GitHub Release PyPI - Version Build and tests License: GPL v3

PyPI - Total Downloads PyPI - Downloads GitHub downloads Bioconda downloads

x86-64 ARM Apple M Linux macOS

Vclust is an alignment-based tool for fast and accurate calculation of Average Nucleotide Identity (ANI) between complete or metagenomically-assembled viral genomes. The tool also performs ANI-based clustering of genomes according to standards recommended by international virus consortia, including International Committee on Taxonomy of Viruses (ICTV) and Minimum Information about an Uncultivated Virus Genome (MIUViG).

Features

:gem: Accurate ANI calculations

Vclust uses a Lempel-Ziv-based pairwise sequence aligner (LZ-ANI) for ANI calculation. LZ-ANI achieves high sensitivity in detecting matched and mismatched nucleotides, ensuring accurate ANI determination. Its efficiency comes from a simplified indel handling model, making LZ-ANI magnitudes faster than alignment-based tools (e.g., BLASTn, MegaBLAST) while maintaining comparable accuracy to the most sensitive BLASTn searches.

:triangular_ruler: Multiple similarity measures

Vclust offers multiple similarity measures between two genome sequences:

  • ANI: The number of identical nucleotides across local alignments divided by the total length of the alignments.
  • Global ANI (gANI): The number of identical nucleotides across local alignments divided by the length of the query/reference genome.
  • Total ANI (tANI): The number of identical nucleotides between query-reference and reference-query genomes divided by the sum length of both genomes. tANI is equivalent to the VIRIDIC's intergenomic similarity.
  • Coverage (alignment fraction): The proportion of the query/reference sequence aligned with the reference/query sequence.
  • Number of local alignments: The number of local alignments between the two genome sequences.
  • Ratio between genome lengths: The length of the shorter genome divided by the longer one.

:star2: Multiple clustering algorithms

Vclust provides six clustering algorithms tailored to various scenarios, including taxonomic classification and dereplication of viral genomes.

  • Single-linkage
  • Complete-linkage
  • UCLUST
  • CD-HIT (Greedy incremental)
  • Greedy set cover (adopted from MMseqs2)
  • Leiden algorithm [optional]

:fire: Speed and efficiency

Vclust uses three efficient C++ tools - Kmer-db, LZ-ANI, Clusty - for prefiltering, aligning, calculating ANI, and clustering viral genomes. This combination enables the processing of millions of virus genomes within a few hours on a mid-range workstation.

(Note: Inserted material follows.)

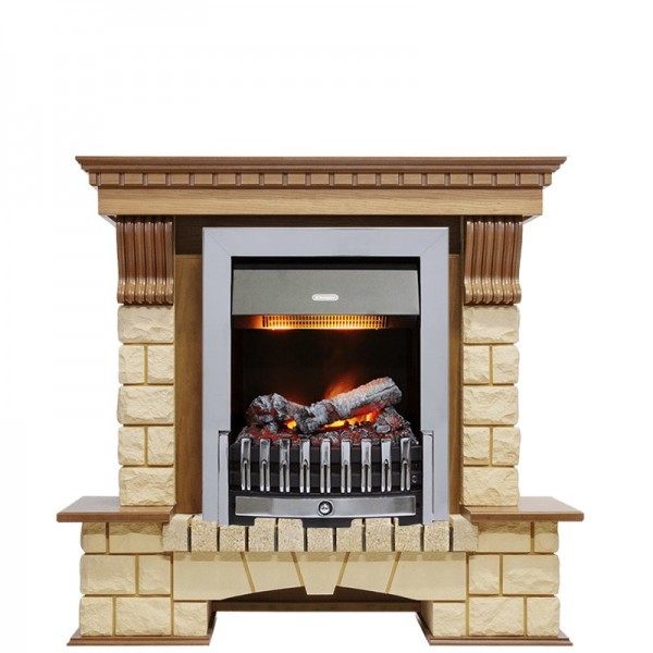 Каминокомплект Pierre Luxe - Дуб / Шампань (Высота 1050мм) с очагом Danville Chrome FB2

:earth_americas: Web service

For datasets containing up to 1000 viral genomes, Vclust is available at http://www.vclust.org.

Quick start

# Install Vclust (requires Python >= 3.7)
pip install vclust

# Prefilter similar genome sequence pairs before conducting pairwise alignments.
vclust prefilter -i example/multifasta.fna -o fltr.txt

# Align similar genome sequence pairs and calculate pairwise ANI measures.
vclust align -i example/multifasta.fna -o ani.tsv --filter fltr.txt

# Cluster genome sequences based on given ANI measure and minimum threshold.
vclust cluster -i ani.tsv -o clusters.tsv --ids ani.ids.tsv --metric ani --ani 0.95

Documentation

The Vclust documentation is available on the GitHub Wiki and includes the following sections:

  1. Features
  2. Installation
  3. Quick Start
  4. Usage
    1. Input data
    2. Prefilter
    3. Align
    4. Cluster
    5. Deduplicate
  5. Optimizing sensitivity and resource usage
  6. Use cases
    1. Classify viruses into species and genera following ICTV standards
    2. Assign viral contigs into vOTUs following MIUViG standards
    3. Dereplicate viral contigs into representative genomes
    4. Process large dataset of diverse virus genomes (IMG/VR)
    5. Deduplicate (remove duplicate sequences) between and within multiple datasets
    6. Process large dataset of highly redundant virus genomes
    7. Cluster plasmid genomes into pOTUs
    8. Calculate pairwise similarities between all-versus-all genomes
  7. FAQ: Frequently Asked Questions

Citation

Zielezinski A, Gudyś A, Barylski J, Siminski K, Rozwalak P, Dutilh BE, Deorowicz S. Ultrafast and accurate sequence alignment and clustering of viral genomes. bioRxiv [doi:10.1101/2024.06.27.601020].

License

GNU General Public License, version 3

Project details


Download files

Download the file for your platform. If you're not sure which to choose, learn more about installing packages.

Source Distributions

No source distribution files available for this release.See tutorial on generating distribution archives.

Built Distributions

If you're not sure about the file name format, learn more about wheel file names.

vclust-1.3.0-py3-none-manylinux2014_x86_64.whl (5.4 MB view details)

Uploaded Python 3

vclust-1.3.0-py3-none-manylinux2014_aarch64.whl (4.8 MB view details)

Uploaded Python 3

vclust-1.3.0-py3-none-macosx_11_0_arm64.whl (3.8 MB view details)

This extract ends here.